Probablemente Pedro creyó que era demasiado generoso al preguntar si era necesario perdonar hasta siete veces las ofensas de su hermano, porque la ley judía disponía perdonar hasta tres veces, o bien que la represalia fuera “ojo por ojo y diente por diente” (Éxodo 21, 24) para que el desagravio no fuera peor que la ofensa recibida.
La enseñanza de Jesús, de perdonar hasta “setenta veces siete” fue sin duda desconcertante e inesperada; pero Jesús quería enseñar algo de la naturaleza de la misericordia divina. La compasión con que Dios perdona nuestros pecados es una manifestación de la ternura propia de Dios en su relación con la humanidad. A nosotros se nos pide manifestar la misma compasión con los demás: “¿No debías tú también haberte compadecido de tu compañero, como yo me compadecí de ti?”

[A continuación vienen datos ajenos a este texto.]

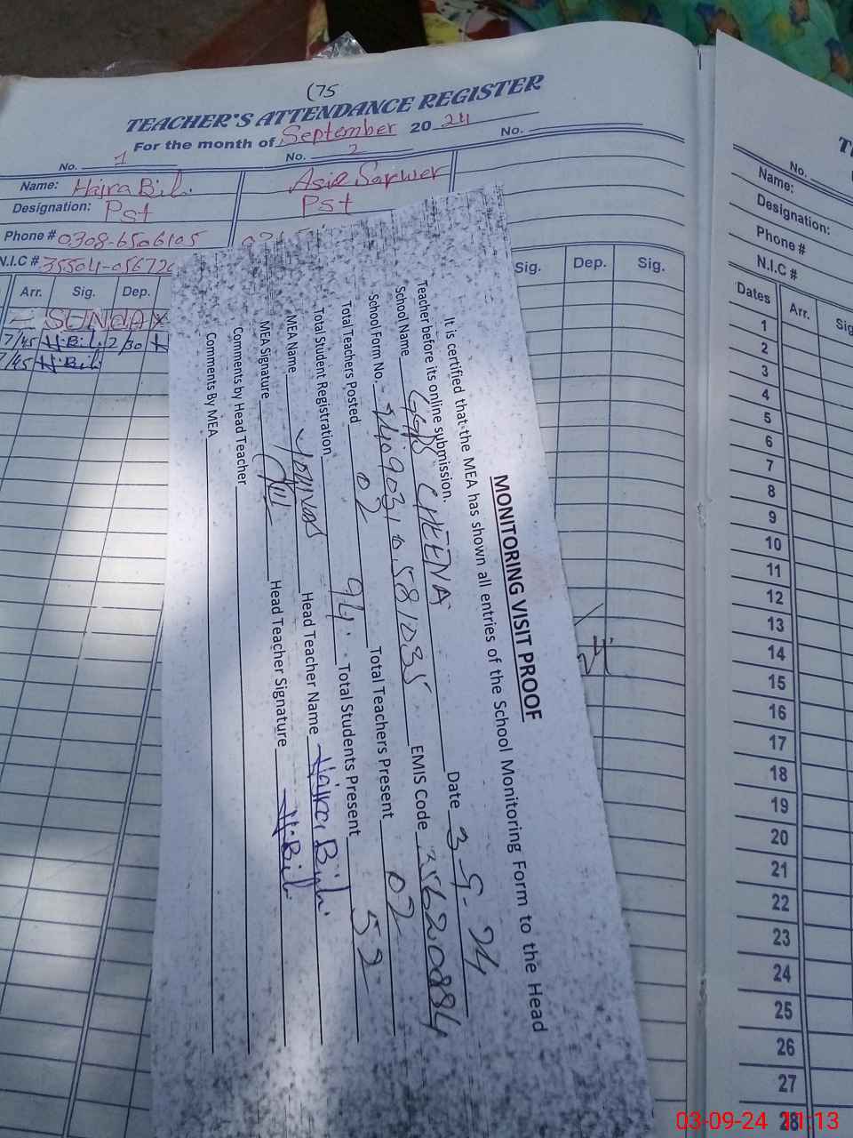 | Attendance Register | Head Teacher | MEA with School | Visit Proof |
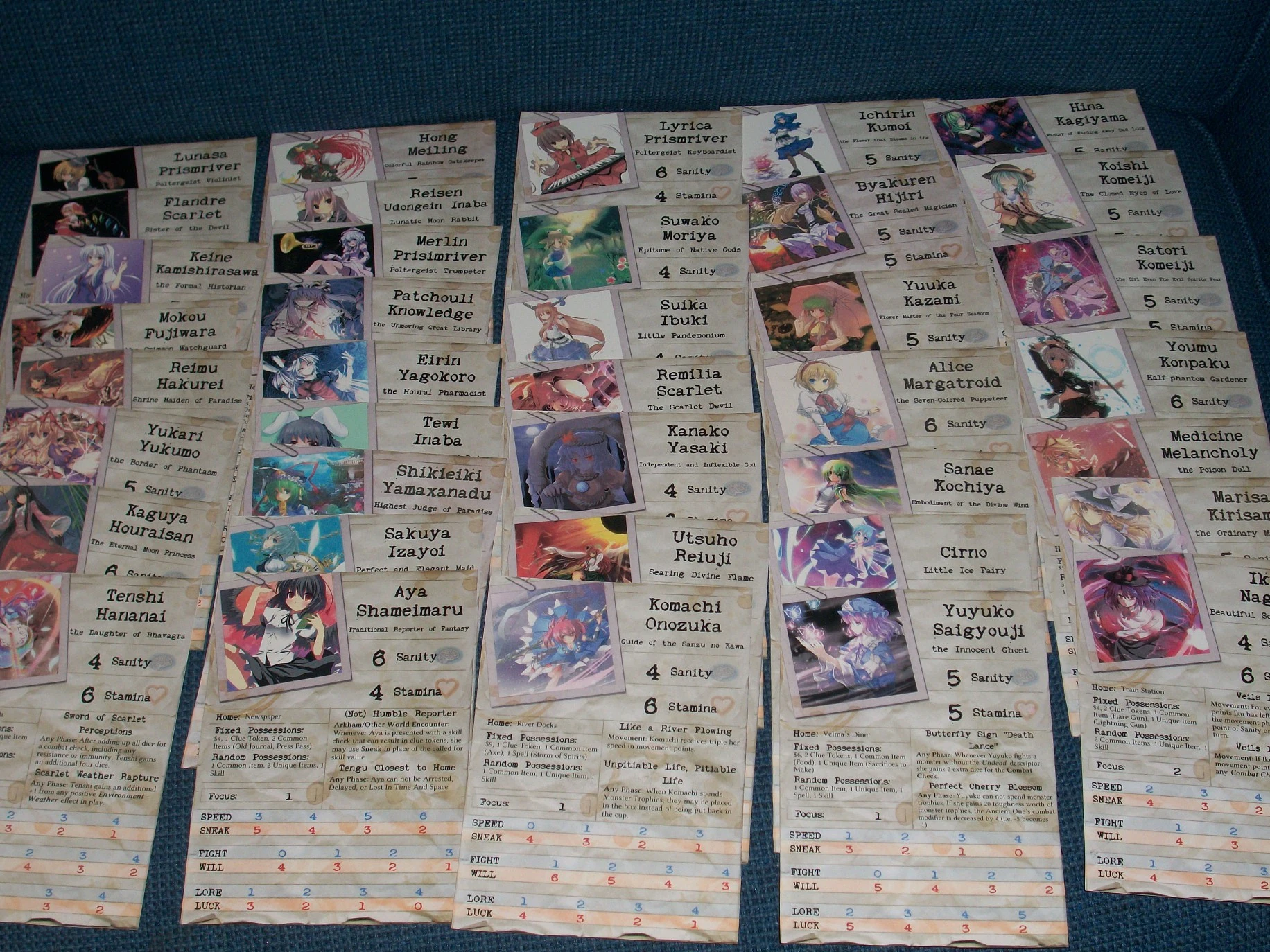 In this modification of Arkham Horror, the traditional Investigator cards are replaced with investigators from the Touhou cast. Likewise, The traditional Ancient One nemesis card is replaced with a nemesis card featuring one of the characters, representing her corruption by the Outer Gods.

La misericordia es el amor de Dios que surge en nosotros cuando nos vemos frente a un dolor o sufrimiento grave. Y demostramos compasión y ternura cuando dejamos que el amor de Dios nos impulse a asistir a los necesitados. La necesidad tiene muchas formas: puede referirse a cosas de este mundo, tales como pobreza, hambre, falta de techo o abrigo, pero también soledad, depresión o angustia. Cuando vemos al prójimo en condiciones como esas deberíamos sentirnos movidos a hacer algo para demostrarle que Jesús lo ama como ama a todo ser humano. En efecto, San Juan Pablo II ha dicho que esto es un “imperativo para todos y cada uno de los hombres y mujeres, para las sociedades y las naciones” (Encíclica sobre La Preocupación Social de la Iglesia, 32).
Pero tampoco hemos de olvidar las muchas ocasiones en que podemos ser misericordiosos en situaciones de sufrimiento espiritual. La asistencia humanitaria y filantrópica puede ayudar a aliviar la necesidad física, pero sólo el cristiano puede comunicar palabras de verdad, capaces de llevar a un corazón pecaminoso al arrepentimiento y a una nueva relación con Dios. Esta es una misericordia que refleja la propia misión de Jesús en el mundo: llevar la salvación a quienes van por mal camino.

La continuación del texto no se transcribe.